Belgique

A l’époque, en 2003, on lui avait dit qu’elle était folle. Sa mère, sa famille, l’ambassade belge à Dakar où elle s’était adressée pour demander les documents pour le mariage. Elle n’a rien voulu entendre. Marie Bangoura avait 43 ans, sortait d’un divorce difficile, venait de perdre son papa. Elle s’évade une semaine au Sénégal, au printemps, pour faire le vide. À l’hôtel-club, un animateur lui fait du gringue  : un beau jeune homme de 32 ans, intelligent, cultivé. Leur aventure de vacances ne reste pas sans lendemain. A son retour en Belgique, il lui téléphone sans cesse, lui répète qu’il l’aime, la supplie de venir le rejoindre.

Elle décide de repartir au Sénégal. La famille du jeune homme l’accueille à l’aéroport. Contre l’avis de tous ses proches, elle se marie avec lui en juillet de la même année. Elle se réjouit de vivre là-bas, au soleil. Elle commence à monter une boutique : c’est le début d’une nouvelle vie.

“Plus besoin de moi”

Sauf que le jeune marié rêve de venir vivre en Europe. Il insiste encore et encore. Marie finit par céder. En octobre 2003, le couple s’installe à Bruxelles. Les mois s’écoulent, avec des hauts et des bas. Ce sont d’abord “des petites choses” qui font qu’une alarme s’allume dans la tête. Un compte qui se vide – “il m’a carrément spoliée”, dit-elle aujourd’hui –, des sorties répétées, qu’elle met sur le compte de la différence culturelle… Mais il y a plus lourd, plus pénible à accepter. Après 3 ans de mariage, Marie Bangoura tombe gravement malade et doit être hospitalisée pendant une longue période. Son mari rentre au Sénégal pendant ce temps-là, sans se préoccuper de son sort.

Quelque temps plus tard, elle découvre un document officiel dans la boîte aux lettres : son bel amoureux avait demandé la nationalité belge, sans jamais lui en parler.

La suite de l’histoire est plus sordide encore  : le mari demande le divorce. “Il avait ses papiers : il n’avait plus besoin de moi…”

“Bébés-papiers”

“Évidemment que je me suis fait avoir.

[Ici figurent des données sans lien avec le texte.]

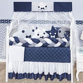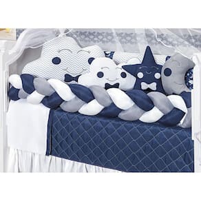Jogo enxoval de berço menino completo e cheio marinho 12p Kit berço nuvem 12 peças Atenção este é o melhor e mais completo kit berço do mercado Total 12 peças 1 cabeceira------------------0.60x0.40 mts 1 tranças -----------------------1.25x0.0,12mts 1 laterais -----------------------1.25x0.25mts 1 lençol de cima ------------1.30x0.70 mts 1 fronha ---------------------0.28x0.38 mts 1 bando do mosqueteiro---1.40x0.20 mts 1 mosqueteiro---------------4.50x1.50 mts 1 almofada nuvem --------0.40x0.20 mts 1 almofada lua ----------0,30 x 0,22 mts 1 almofada estrela---- 0,30 x 0,30 mts 1 saia box -------------1,30 x 0,70 x 0,30 mts 1 edredom--------------------130cm x 75cm Descrição das peças:Tecido estampado: 100% algodão Tecido liso: 50% algodão 50% poliésterEnchimento 100% poliésterMosqueteiro 100% poliamida Informações importantes:O produto já vai pronto para o uso, com o enchimento já incluso.Acompanha as peças conforme a descrição, não esta incluso o berçoA cabeceira e as laterais do kit possuem zíper para retirar o enchimento, facilitando assim uma possível lavagem do produto.

J’étais amoureuse, aveuglée. Il m’a anéantie. Mais il est hors de question que je divorce : ce serait une reconnaissance implicite qu’il y a eu mariage et il bénéficierait alors de tous les droits qui en découlent”, s’exclame aujourd’hui Marie Bangoura. Elle a engagé une procédure en annulation du mariage, mais celle-ci s’éternise depuis plus de 4 ans. Son “toujours” mari, qui a décroché la précieuse nationalité belge, habite à Bruxelles.

“Emotionnellement, c’est très dur d’être piégé dans un mariage gris”, confie celle qui a fondé en 2012, “Cœurs piégés”. Cette Asbl a pour objectif de soutenir, conseiller, défendre et regrouper les victimes d’escroquerie sentimentale ou financière à caractère migratoire. Entre 100 et 120 personnes (un peu plus d’hommes que de femmes) se sont déjà manifestées auprès de l’asbl comme victimes. Les arnaqueurs du cœur sont originaires du Cameroun, du Maghreb, d’Afrique subsaharienne, de Biélorusse, des anciens pays de l’Est…, détaille la présidente de “Cœurs piégés”. Ils bénéficient souvent de complicités intrafamiliales.

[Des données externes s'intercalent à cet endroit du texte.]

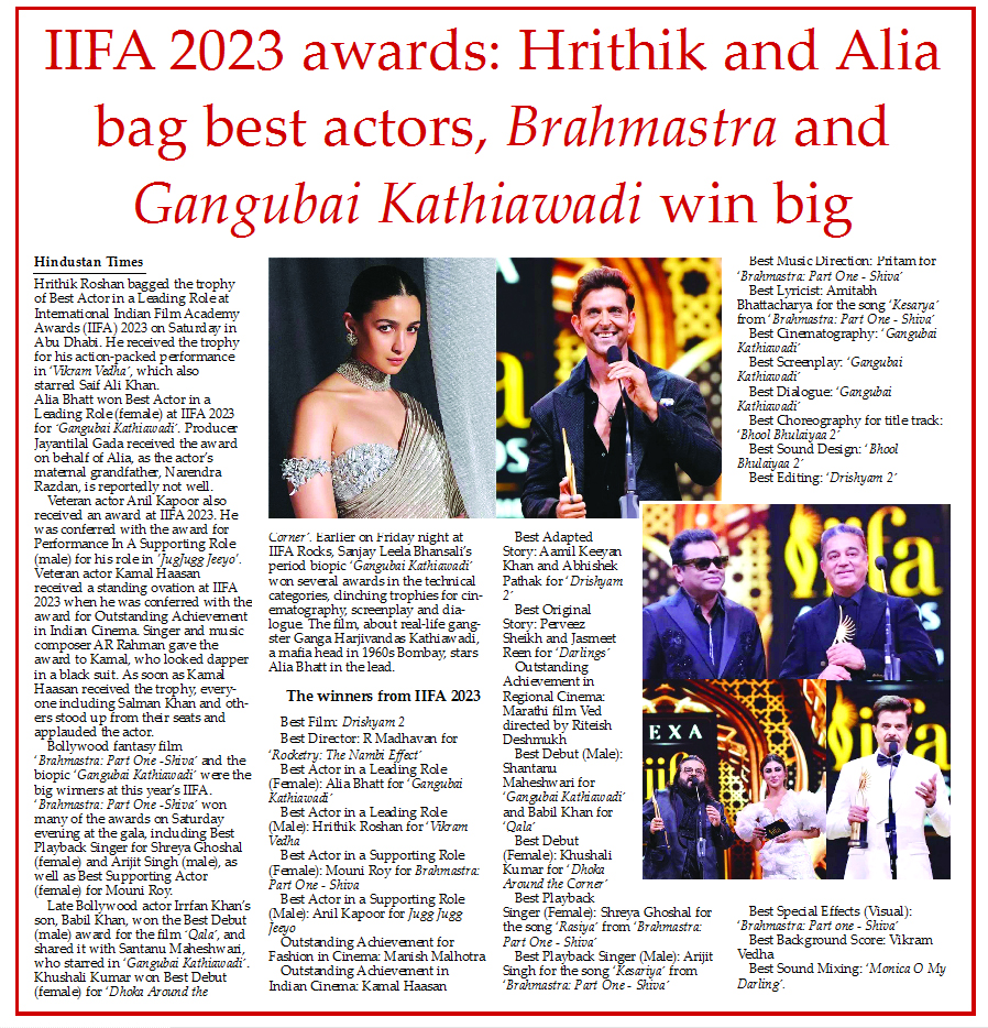 Hindustan Times :Hrithik Roshan bagged the trophy of Best Actor in a Leading Role at International Indian Film Academy Awards (IIFA) 2023 on Saturday in...

“C’est chaque fois un drame humain. Les victimes, fragiles, ont souvent affaire à des pervers narcissiques qui vous font croire qu’ils vous aiment. Ils prennent leur temps et jouent très bien la comédie. Ils vont jusqu’à faire des enfants uniquement pour avoir la nationalité belge. Des “bébés-papiers” dont ils n’ont rien à faire”.